Monday, May 9, 2011

John Baldessari

John Baldessari does photomontage, painting, uses language, and juxtaposes images that illuminate, confound, and challege original meanings. He draws his viewer's attnetions to minor details, absences, and spaces between things. He does things by blocking out important information with colorful dots and obscuring geometric shapes.

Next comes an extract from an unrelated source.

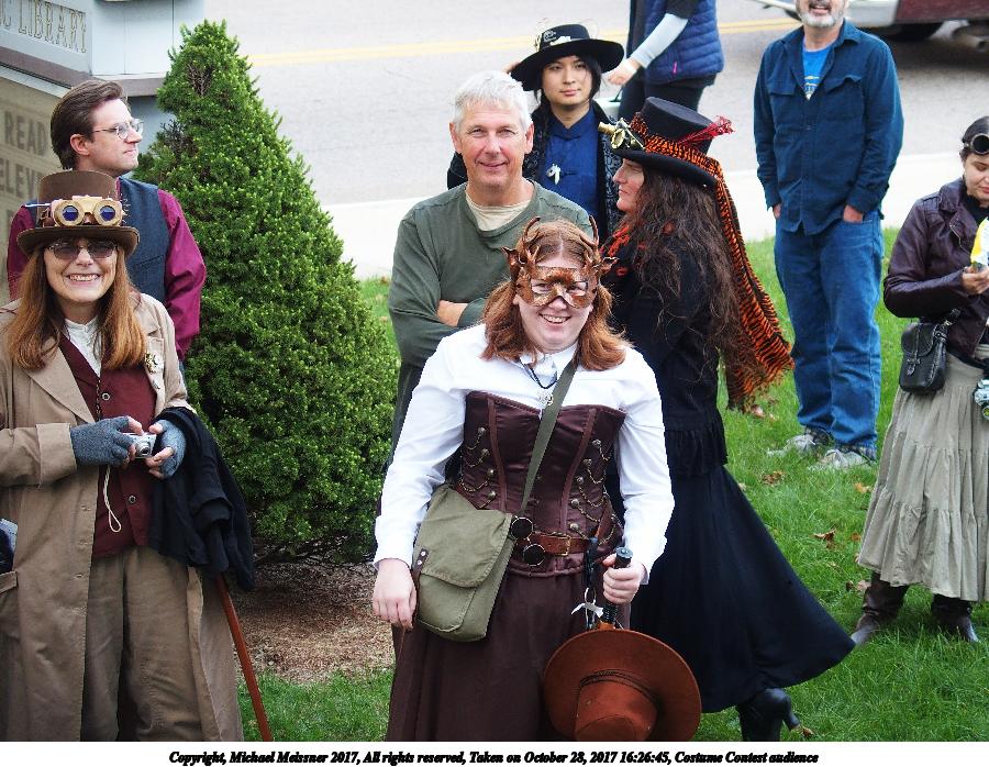 Picture #4: Costume Contest audience Thumb: 450x338, 57,952 bytes (57K) Small: 900x698, 165,558 bytes (162K), (html file) Large: 3600x2700, 2,799,333 bytes (2.7M), (html file) Copyright, Michael Meissner 2017, All rights reserved Olympus Stylus-1 camera f/2.8, ISO 200, 1/200 sec, 26.2mm, auto mode, vivid color, SHQ, matrix metering, IS Auto, noise reduction auto, noise filter low 35mm equivalent focal length 124.0mm Programs used: crop, raw therapee Taken by Michael Meissner on October 28, 2017 16:26:45 Last modified on April 25, 2018 at 10:13 |

Beethoven's Trumpet (With Ear), 2007
Resin, fiberglass, bronze, aluminum and electronics

This piece is extremely interesting to me. I feel that making the ear the same color as the background, it depreciates the ear and makes it less important to me. The large trumpet is what is important in this scenario. I think he is trying to say that listening is much more important than just hearing something; the fact that the viewer can interact with it in such a way that they can stick their entire self in there makes them have a whole new experience with the ear. This experience is what becomes the art.






Hitch-hiker (Splattered Blue) 1995
Colour photograph, acrylic, maquette

This piece shows the way in which he uses bright geometric shapes in order to hide part of his paintings. The way he does this makes it so the viewer is unable to get a bit of information that is behind this pieces. It is quite frustrating actually; the bright nature of them brings your eye right to them and that usually means that there is something important there, but yet we can’t see it. In this sense, maybe he is trying to protect the Hitch-hiker from further rejection.


The Pencil Story 1972 - 1973
Colour photographs, with coloured pencil, mounted on board

An epiphany, words, they can be pieces of art. That is how Yoko Ono works! The way he has labeled, discussed, and documented this action becomes the art in itself. This is not just photography that makes the piece, it is the larger issue of removing the artist’s hand from consciously thinking about photography and the subject matter, to something that leads to work from the mind. His quote, “I’m not sure, but I think that this has something to do with art” is quite interesting; I think that he has made a discovery that anything can be art, and he is growing and contemplating the artist in himself.